Hi see feed below. It’s pulling the wrong part of page. Is there a way I can amend this so that I can select from various heading / title options? Thanks
Hi there, we’ve added rules to improve extraction for this site. Should work for you now.
Thank you. Is there a way that a user can manage their own extraction rules. I am coming up against a lot of issues with the extraction pulling "press releases’ as the article title and not the actual title of the article.
Presumbly, its trying to pull the page title rather than a H1 or H2 for example. Import.io does this rather nicely.
Full-Text RSS prioritises the title in the feed (if input is a feed) or the <title>
element of the page if input is a URL of an HTML page.
In most cases the title element will contain the main title. It’s usually in the site’s interest to put the main title here as that’s what Google will list in its search results too. In this case, you’ll see Google treats the article’s title the same way Full-Text RSS does:
But because you’re giving Full-Text RSS a feed which you’ve generated using our Feed Creator tool, you’ve actually got the real title in the Feed Creator output:
But by using the use_extracted_title=1
parameter when passing this to Full-Text RSS, you’re telling Full-Text RSS to ignore the article’s title in the feed and try to extract it from the HTML. If you remove this parameter, you should get the result you want:
So the simplest solution here seems to be the above. Just let Full-Text RSS use the title you’ve already got in the feed.
Having said that, to answer your question:
Is there a way that a user can manage their own extraction rules.
You can override default extraction rules using the siteconfig
parameter. This allows you to use the directives we list here.
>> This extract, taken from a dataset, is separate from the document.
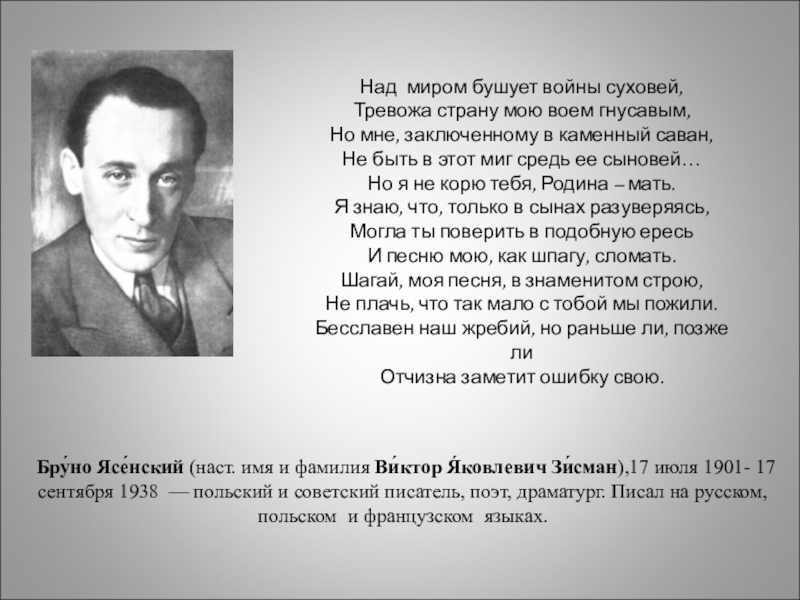 Слайд 2Бру́но Ясе́нский (наст. имя и фамилия Ви́ктор Я́ковлевич Зи́сман),17 июля 1901- 17 сентября

So let’s say you’re not using an input feed and want to extract the correct press release title from the HTML. The source HTML looks like this:
<h1>Press Release</h1>
<h2><br>
<strong>Bank of the West Named One of the Best
Places to Work for LGBTQ Equality and Diversity</strong>
<br>
<i>Sustainable Finance Leader Received a Perfect
Score of 100% on the Human Rights Campaign
Foundation’s Corporate Equality Index for Second
Year in a Row<br><br>
Named to Forbes’ 2020 Best Employers for Diversity List</i><br><br>
San Francisco, CA | Jan 15, 2020
<br><br></h2>
What you’re after is the <strong>
element inside the <h2>
element.
With XPath this would be:
//h2//strong
To tell Full-Text RSS you want this as the title, you’d use:
title: //h2//strong
Because we’re going to pass this to Full-Text RSS in the query string of the URL, in the siteconfig
parameter, we need to make sure it’s URL Encoded:
&siteconfig=title%3A%2F%2Fh2%2F%2Fstrong
If we add this to your original URL, you’ll see its effect:
I’ll add that if you find you need to adjust extraction rules a lot like this, you will have more flexibility running our self-hosted copy of Full-Text RSS. You then have access to a site_config/custom/
folder where you can create extraction rules to override the default ones. And you won’t have to worry about URL encoding things to pass in the query string. For example, you could have a file site_config/custom/bankofthewest.com.txt
with the contents:
title: //h2//strong
Hope that’s some help.
Awesome. Just awesome, thanks a lot.